Now having said this, the onus is on the customer and its design team to setup the right data security & encryption (client-side encryption) for the services its using. Cloud providers will be responsible for the incorrect setup of the cloud infrastructure.
One of the security design principle to follow is to provide access to users with the least privilege. This would mean one should have minimal access to the cloud services for which you are working on. Using the right access policies is the key for secured applications especially in a big enterprise systems where sometimes it gets tough to manage user access to services.
One incident was published as “Murder in the cloud” (2014) for a code repository company called Code Spaces. The hacker managed to gain access to the EC2 console by physically gaining access (DDos attack) to the aws control panel. The hacker demanded ransom, failing which he started deleting all of its data, AMIs, EBS Snapshots; eventually leading to shutdown of the company.
So even though cloud providers claim to be most secure, customers using the services are the ones really need to think it through the best practices of the cloud security. One must be careful of its responsibility in the cloud as a customer.
“Cloud is not for cost saving. It is for cost control.”
IT overall cost is something we are looking to control when we migrate over to cloud. This is true because we follow “pay-as-you-go” in cloud. We pay for the services we use and the time it uses. Cost can potentially go beyond control if you are not using the right services.
Provisioning instances up front could be costly. Use of auto-scaling could significantly help in maintaining the cost. But the cost saving could be impacted if you don’t have a system to cool down the scaled up instances.

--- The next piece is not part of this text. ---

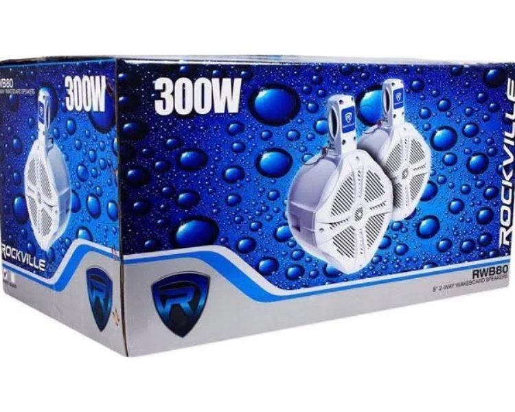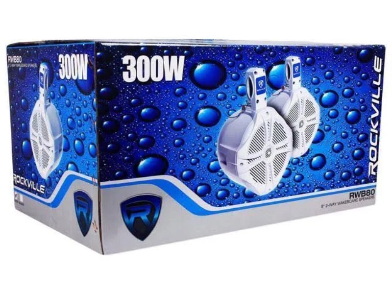 Package Includes: (1) Pair of Rockville RWB80W 8″ White 2 Way Marine Wakeboard Tower Speakers Totaling 600 Watt HOW TO RWB SERIES (RWB65B, RWB65W, RWB70B, RWB70W, RWB80B, RWB80W, RWB90W, RWB90B):Video of RWB80W:AuthorizedRockville Dealer! Advantages of the RWB80W: No exaggerated power ratings: These speakers are rated with true world RMS ratings. No bootleg or exaggerated power ratings like other brands. These speakers are 200 watts RMS and 300 watts peak. (200 watts RMS is equal to about 500 watts rated by other brands) New and improved mounting bracket reinforced with steel – The mounting brackets are waterproof and durable plastic. They are reinforced with nylon and steel to make them extra strong. The nylon allows easy adjusting while the strength of steel can withstand the toughest conditions. Marine grade components and materials: these speakers are truly marine grade. They will not get damaged by water, salt water, or moisture. In addition the terminals (which are normally the first part of a marine speakers that gets damaged by water are made out of stainless steel and they are completely rustproof. There is also an additional waterproof coating cut completely protect the speakers. Features: Rockville RWB80W Pair of 8″ White WakeBoard Tower Speakers Totaling 600 Watts (300 Watts per speaker) 8″ Two-Way High Fidelity Speaker System Adjustable Nylon Mounting Bracket Reinforced With Embedded Steel Includes Stainless Steel Mounting Hardware 1″ Polymide Dome Neodymium Midrange Tweeter Built-In Two-Way Crossover Network Fully Marinized Against Salt & Fresh Water Conditions Completely Water / Rust Resistant Terminals Are Sealed with Rubber Gaskets Specially Tuned for PA Voice Ove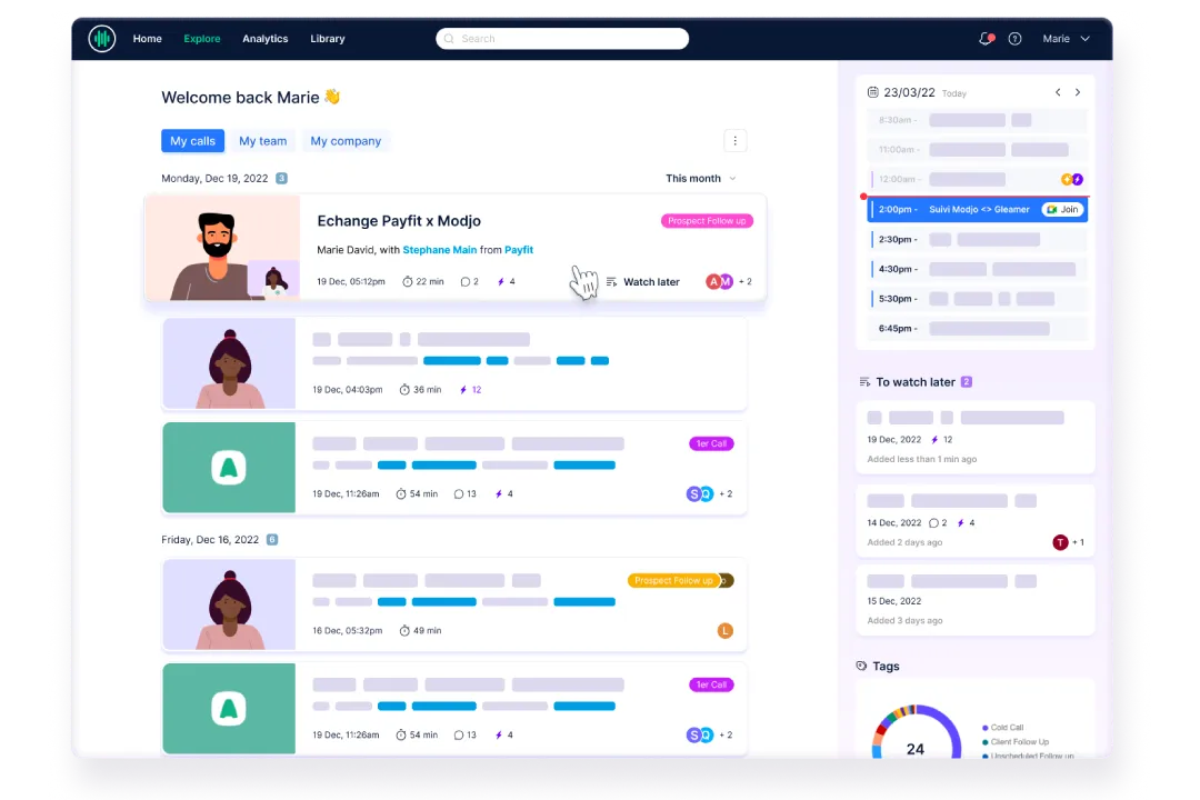 - 30 minutes économisées après chaque réunion client grâce à la génération automatique de résumés et à la mise à jour du CRM.

Cloud also provides with serverless computing which the customers could leverage instead of using an expensive EC2 instances. Serverless services like AWS lambda auto scales on the AWS provided infrastructure with minimal cost per request than a normal EC2 instance.
Make use of Reserved instances. AWS provides you to book instances on a fixed contract for a cost significantly lower than an on-demand instances. Though the use of reserved instances are very specific to customers requirement, one could easily leverage this.
No system is perfect. Systems are meant to fail.
Service failures can happen for any internet bound systems. You could potentially loose millions of dollars if your systems are not properly setup. The chances of such failure happening in an on-premise system is low as most of the maintenance is in-house.
As per the SLA documents, cloud systems provides you with 99.9% of high availability. So if you read carefully that would mean there is a 0.1% chance of your service going down. For a service to run for 8 hrs, a 0.1% downtime would mean you are out for approx. 48 minutes in a day. If you are having a highly critical application, 48 minutes could mean a potential million dollar loss.
Having an highly available system should be the primarily design principle in such situations. It is always advised to span your data or instances across multiple AZ (availability zones) or even span across regions. This would reduce the risk of your systems getting down and preventing potential service downtimes.
If you are planning for using the on-premise datacenters, leveraging direct connectivity to the cloud is highly recommended. This would reduce the risk of exposing the services to the internet. Services likes AWS Direct Connect could help you in such situations.
Concluding on the idea of security, cost control and high availability, it is essential for a cloud customer to understand the pros and cons first before deciding on a cloud based solution. It could possibly turn out that you may benefit more from on-premise than on cloud.